I’M a die-hard Oklahoma City Thunder fan because of Kevin Durant and Russell Westbrook. It was therefore heartbreaking to find out on Thursday morning last week that Thunder Head Coach Scott Brooks was dismissed after seven seasons of leading a team whose average age is 25 years old according to ESPN.com.
The ESPN report adds that Brooks has a .620 winning percentage with the team and guided the Thunder to five playoff appearances in seven seasons, including three of the past four Western Conference finals and the NBA Finals in 2012.
Coaching in any sport and in any league is one of the most thankless jobs. When the team loses, the coach is blamed, but when the team wins it all, the players get the lion’s share of the credit. Brooks was responsible for guiding the future Hall of Fame careers of Kevin Durant and Russell Westbrook.
What Kevin Durant had to say in his Instagram account about the only professional head coach he knew was touching:
“Today was tough for me. While I support our team’s decision 100 percent and look forward to the upcoming season and the future in OKC, Scotty was my coach and a friend for the past seven seasons. We accomplished a lot together, and those times will never be taken away from us. I grew both as a man and a ball player under his guidance and for that I will forever be grateful. I wish nothing but the best for him and his family who have also been such a big part of this city and organization. I know he will be very successful in wherever his next steps in life are.”
The firing, according to Thunder General Manager Sam Presti, was not a result of this past season where the Thunder didn’t make the playoffs for the first time since the 2008-2009 season, but that it was looking ahead into the future. To sustain continued success. Most of the players liked Scott Brooks but many of them were excited at the thought of a new voice and a new direction. With Kevin Durant’s free agency next year looming in the horizon, Sam Presti felt now was as good a time as any to make a move to be ready for their best player’s contract year.
“This is an extremely difficult decision on many levels,” Presti said in a statement. “This decision is not a reflection of this past season, but rather an assessment of what we feel is necessary at this point in time in order to continually evolve, progress and sustain. We determined that, in order to stimulate progress and put ourselves in the best position next season and as we looked to the future, a transition of this kind was necessary for the program.”

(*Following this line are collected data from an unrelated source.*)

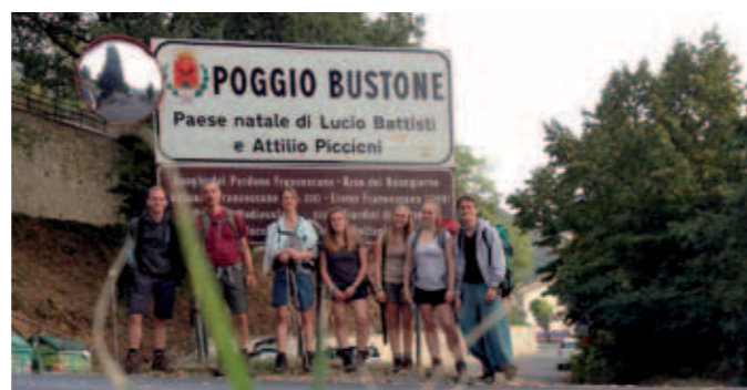
Am Ziel angekommen

Von Assisi bis nach Poggio Bustone im umbrischen Rieti-Tal pilgerten in den Herbstferien Jugendliche aus der Gemeinde gemeinsam mit Pastor Warnke. Den ersten Teil des Pilgerwegs auf den Spuren des Heiligen Franz von Assisi hatte die Gruppe bereits 2012 beschritten. Damals war die Franziskaner-Basilika von Assisi das Ziel – Ausgangspunkt für die diesjährige Wanderung. Insgesamt waren die jungen Pilger neun Tage lang zu Fuß unterwegs, legten eine Strecke von 180 Kilometern zurück, übernachteten in Klöstern oder einfachen Pensionen. An der schönsten Stelle jeder Tagesetappe feierten sie eine Andacht – Kraftquelle und spiritueller Impuls zugleich. Ein herzlicher Dank an den Förderverein, der die Reise unterstützte!
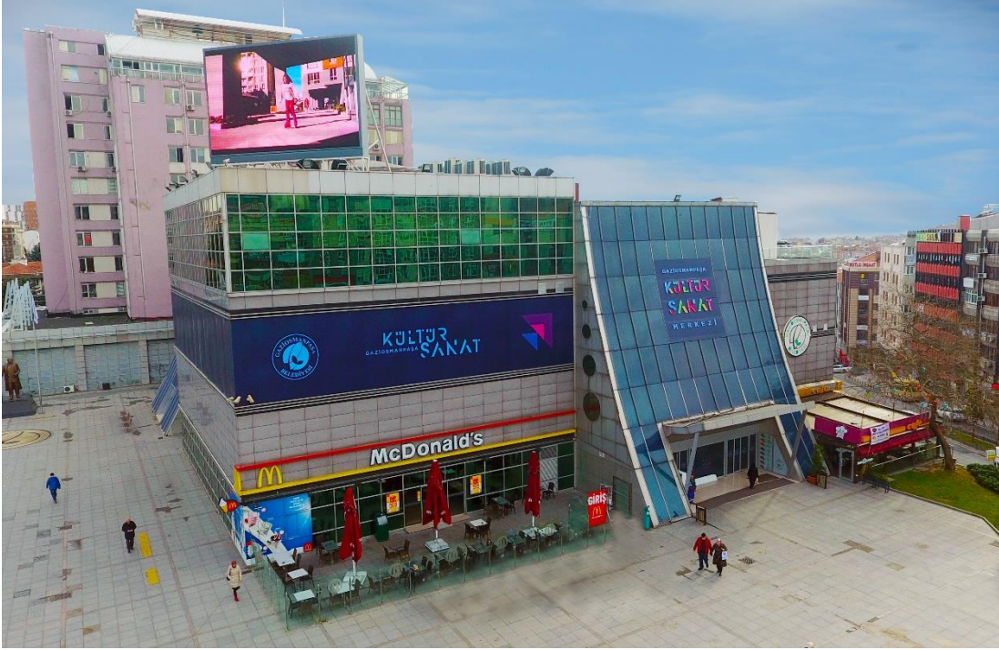
Fotoğraf 1: Gaziosmanpaşa Belediyesi Kültür ve Sanat Merkezi Binası

Gaziosmanpaşa Sanat Akademisi 2018 yılı Kasım ayında ilçe sınırları içerisinde bulunan Kültür ve Sanat Merkezi binasında faaliyete başlamış bir belediye hizmeti olarak karşımıza çıkmaktadır (www.goptasanat.com). Bugün itibariyle “goptasanat” kullanıcı adıyla instagram sayfasında paylaşılan afiş ve görsellerde yer alan bilgiler doğrultusunda bu akademide 43 branşta sanatsal eğitim verilmektedir (www.instagram.com/goptasanat).
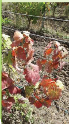
Flavescence dorée sur Fer servadou, juin 2020

Des larves L2 et L3 sont observées au vignoble, elles se trouvent préférentiellement sur les pampres. Les populations sont en baisse. Les premiers symptômes sont visibles au vignoble.

Reading the statement, you can sense that it was an agonizing decision that had to be made. You don’t have to be a front-office executive of a professional sports organization, to feel that you want to dig yourself a hole big enough to hide in after firing a high character and quality coach like Brooks.
The Oklahoma City Thunder organization, just like any other organization follows the same policy: if a person doesn’t produce, then that person has to go. Produce meaning NBA Larry O’Brien trophies.
According to a Bleacher Report article, “In Fickle, Unforgiving World of NBA Coaches, Those Who Endure Deserve the Honors,” by NBA senior writer Kevin Ding, coaches are constantly being evaluated and re-evaluated because they’re constantly being challenged by new personalities. Maximizing talent, no matter the packaging, is the job profile. The nature of the job is to take this particular player and that specific player and coach them differently but successfully toward the greater good and establish a strong community.
Then do it again with some other people next season, sticking to what you believe in while being eager to grow and adjust. Repeat it often enough, you might actually have a sliver of job security.”
The San Antonio Spurs’ Greg Popovich has done a masterful job of adjusting and coaching this player and that player differently, hence the success of the Spurs organization since winning their first title in 1999. Phil Jackson, with his 11 rings, has won Coach of the Year only once, in 1996.
George Karl won Coach of the Year in 2013 but was eventually fired. The same Bleacher Report article says “Before George Karl was named Coach of the Year in 2013, he cited the peculiar nature of the award to Benjamin Hochman of HYPERLINK “https://www.denverpost.com/ci_23408257/firing-by-denver-nuggets-bizarre-ending-george-karl The Denver Post, asking: “Have you seen what happens to guys who win Coach of the Year?”
If I were Presti, I would hire Spurs Assistant Coach Ettore Messina, one of the greatest coaching minds in European basketball history who is a disciple of ball movement and player movement to keep the defense constantly moving and off-balanced. A disciplinarian, he may be the guy to teach Russell Westbrook to pass and move the ball more.